Carol, a slight, round-faced woman wearing a lavender sweatsuit, was pleased to see us, welcomed us, and knelt down to pat Izzy. I’d been warned that she was bone-tired and increasingly anxious about her mother, who might sleep all day and then cry out in the middle of the night.

In a tiny, meticulously clean powder room, I washed my hands, carefully and thoroughly, as instructed; Izzy waited outside the bathroom door.

I could see a bedroom at the end of the hall, decorated with family photos and fresh-cut flowers. As we drew closer to the room, I could hear a TV; Carol explained she kept it on most of the time, so her mother could hear voices and feel less lonely.

A beautiful older woman was lying in bed, beneath a summer quilt. Someone had carefully arranged her silvery hair, polished her fingernails, even daubed on a touch of lipstick. She was mouthing barely audible words and moving a bit restlessly.

“This is so great, the dog coming. She loved her dogs so much,” whispered Carol as we entered the room.

Carol introduced us loudly and slowly. “This is Izzy,” she said. “And Jon. They’ve come to see you. Izzy is just like Flash. You remember Flash, Mama, don’t you?”

Jamie stared at the ceiling and began mumbling. I came to the foot of the bed, looked at Izzy, and gestured to the foot of the bed; he hopped up. “Stay,” I whispered, and he sat stock-still.

Jamie seemed unaware of his presence. I waited. Carol was quiet, too. Keith, watching from the doorway, might have been nervous about what would happen with Washington County Hospice’s first canine volunteer.

Izzy seemed a bit uncertain, not sure what was happening, looking first at me, then at Jamie. He’d never been in the company before of someone so debilitated, so close to the end; clearly, it was strange to him. Was it smart, I found myself wondering, to bring along this dog, who’d spent most of the first four years of his life alone outdoors? But he looked all right, his ears and tail up, no signs of stress or anxiety. In fact, he seemed to be studying the room, looking carefully at me, at Jamie and Carol, seeking cues.

He cocked his head at me. “It’s OK, Iz,” I said. “Say hello.”

He seemed to get it then, some invisible trigger or instinct kicking in. I hovered nearby, ready to move in quickly if there was trouble. This was a dying woman who didn’t want to be touched. Would she be frightened or perhaps frighten Izzy? How would he respond to a situation he’d never been in, couldn’t really be trained in advance to handle?
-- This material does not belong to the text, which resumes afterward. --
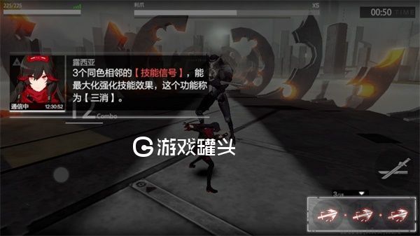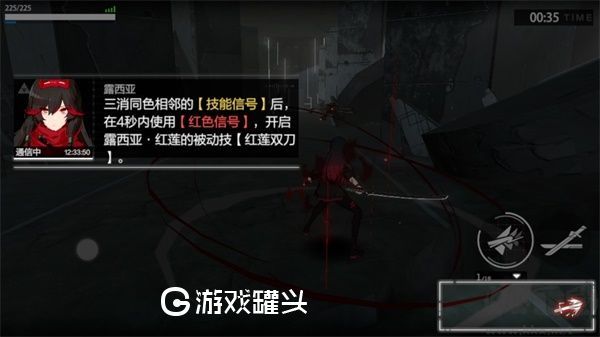 不同角色的技能指令引發(fā)的被動(dòng)技能是不同的,指揮官需要根據(jù)角色的特性選擇合適的消除策略。比如,當(dāng)露西亞在任意三消后4秒內(nèi)再次消除紅色信號(hào),可以觸發(fā)被動(dòng)技能:紅蓮雙刀,大幅增加物理傷害(圖3、圖4)。熟練利用不同隊(duì)員的被動(dòng)技能可以幫助指揮官更好地通過(guò)關(guān)卡。

He lay down and very slowly began inching up the side of the bed. He didn’t step on Jamie, or even graze her frail body, just crept slowly alongside her. When he got close to her hand, he burrowed his head beneath it and lay still.
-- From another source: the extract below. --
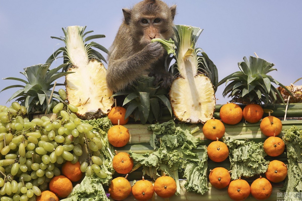 当地时间2014年11月30日,泰国华富里府,一年一度的猴子自助餐节举行。这一节日是在每年11月的最后一个星期日举行,意在推动当地旅游业的发展。总重约2吨的水果、蔬菜、点心、糖果和汽水用来“宴请”生活在这个城市的猴子,感谢他们为该地吸引了游客。CFP

Jamie stopped muttering. Her face looked alarmed at first; then she broke into a slight smile. She didn’t look at Izzy, but moved her hand slightly, feeling his forehead and his ears.

“Oh,” she said. “Oh.” And then, smiling, “Oh, how pretty … pretty.”

“This is the first time she’s said real words in weeks,” Carol whispered, astonished.

Izzy kept quite still as Jamie stroked him and talked in disjointed sentences, still smiling. After a while, she drifted off. A few minutes later, her hand still resting on Izzy’s head, she awakened and stared at the ceiling, and smiled again. She seemed calmer than when we’d come in.

After 15 minutes, without instruction, Izzy extricated himself and skipped down from the bed, circling around to Carol, offering her a friendly paw. She kneeled on the floor, weeping, and held Izzy for a long moment. Then our visit was over, the hospice canine volunteer program launched.

“I can’t explain how much this means,” Carol told me as we left. “For a minute I had my mother back.”

We agreed to return the following week. Later, we learned that Jamie allowed Carol to bathe and change her without fear or resistance. Why this would be true was nothing any of us could explain, but something was different.

Outside, Keith shook my hand and leaned over to praise Izzy. “This works,” he said. “This is awesome. Izzy is a natural. You aren’t so bad yourself.”